** Raw data follows **

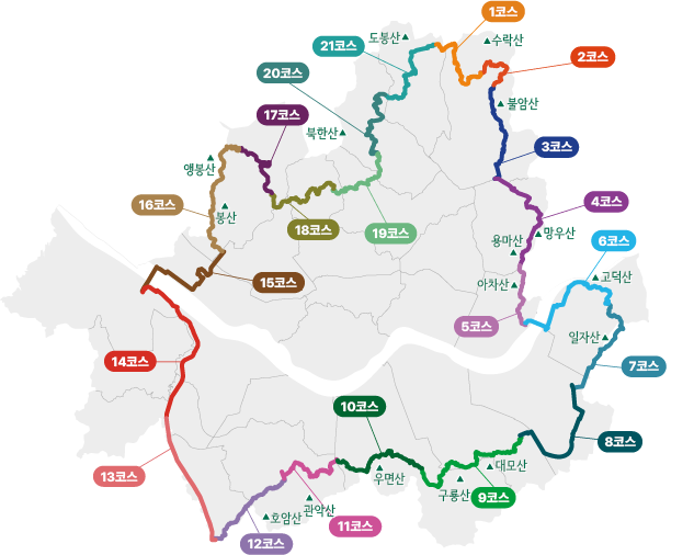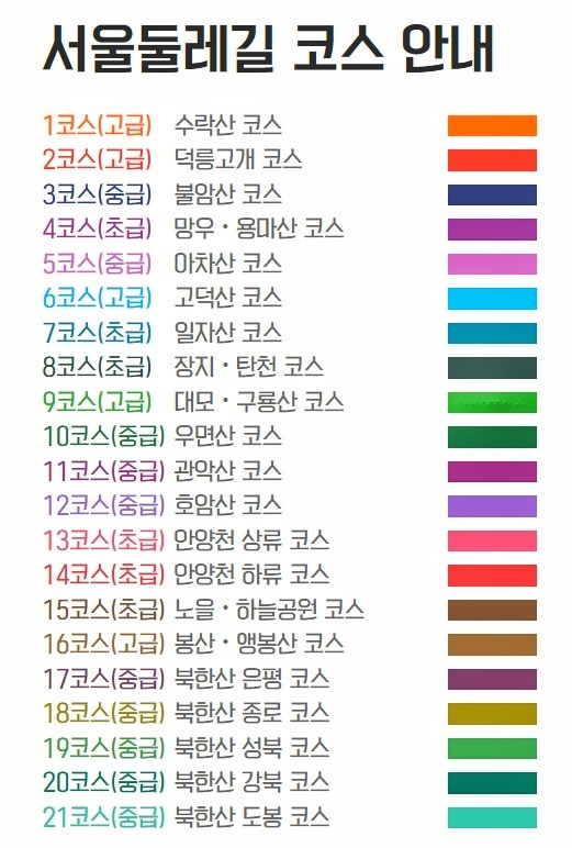 이번 코스 개편 이전인 2016년 서울연구원 조사에 따르면 서울둘레길 중 가장 인기 있는 코스는 북한산으로 21.7%, 그 다음으로 수락불암산 19.5%, 용마·아차산 15.2%였습니다. 21개 코스는 각각 어디인지, 어디서 출발할 수 있는지 서울시 자료를 정리해 알아봤습니다.
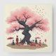 Bring the serenity of Japanese spring into your home with this elegant wall clock, featuring a beautiful scene of blooming cherry blossoms. The delicate pink flowers bloom on gracefully arching branches, while traditional Japanese figures in kimonos and yukatas enjoy peaceful moments beneath the tree. Some admire the blossoms, others partake in a tranquil tea ceremony, surrounded by elements like paper lanterns, parasols, and tatami mats. Rendered in soft pastels with intricate detailing, this clock captures the peaceful essence of hanami (flower viewing) season, perfect for those who appreciate the beauty of Japanese culture and nature.
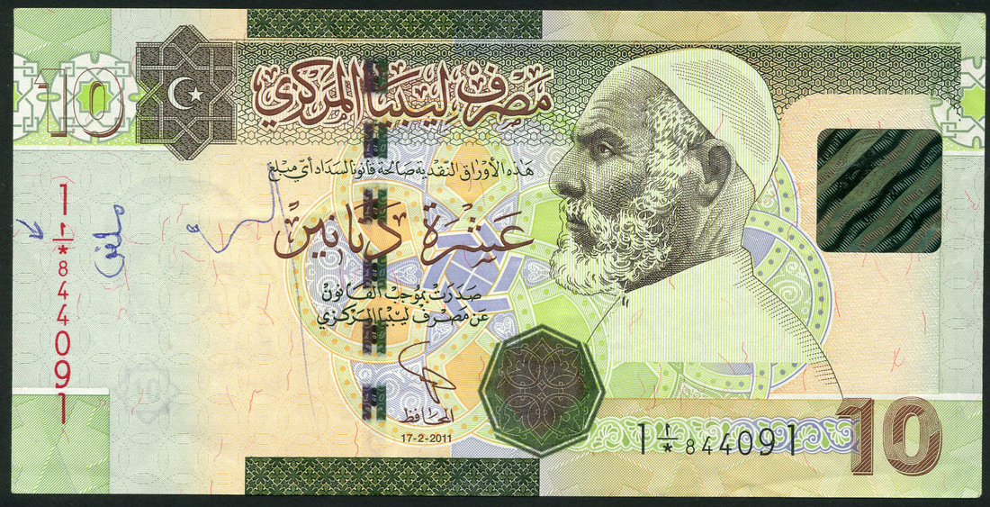 Central Bank of Libya, 10 dinars, 17 February 2011, serial number 1 1/* 844091, green on multicolour, Omar El Mukhtar at right, reverse green and orange, crowd and hilltop fortress in Sabha

** End of Raw data **

Work request: Output the material word for word, omitting its pictures.

Result below:
 이번 코스 개편 이전인 2016년 서울연구원 조사에 따르면 서울둘레길 중 가장 인기 있는 코스는 북한산으로 21.7%, 그 다음으로 수락불암산 19.5%, 용마·아차산 15.2%였습니다. 21개 코스는 각각 어디인지, 어디서 출발할 수 있는지 서울시 자료를 정리해 알아봤습니다.
 Bring the serenity of Japanese spring into your home with this elegant wall clock, featuring a beautiful scene of blooming cherry blossoms. The delicate pink flowers bloom on gracefully arching branches, while traditional Japanese figures in kimonos and yukatas enjoy peaceful moments beneath the tree. Some admire the blossoms, others partake in a tranquil tea ceremony, surrounded by elements like paper lanterns, parasols, and tatami mats. Rendered in soft pastels with intricate detailing, this clock captures the peaceful essence of hanami (flower viewing) season, perfect for those who appreciate the beauty of Japanese culture and nature.
 Central Bank of Libya, 10 dinars, 17 February 2011, serial number 1 1/* 844091, green on multicolour, Omar El Mukhtar at right, reverse green and orange, crowd and hilltop fortress in Sabha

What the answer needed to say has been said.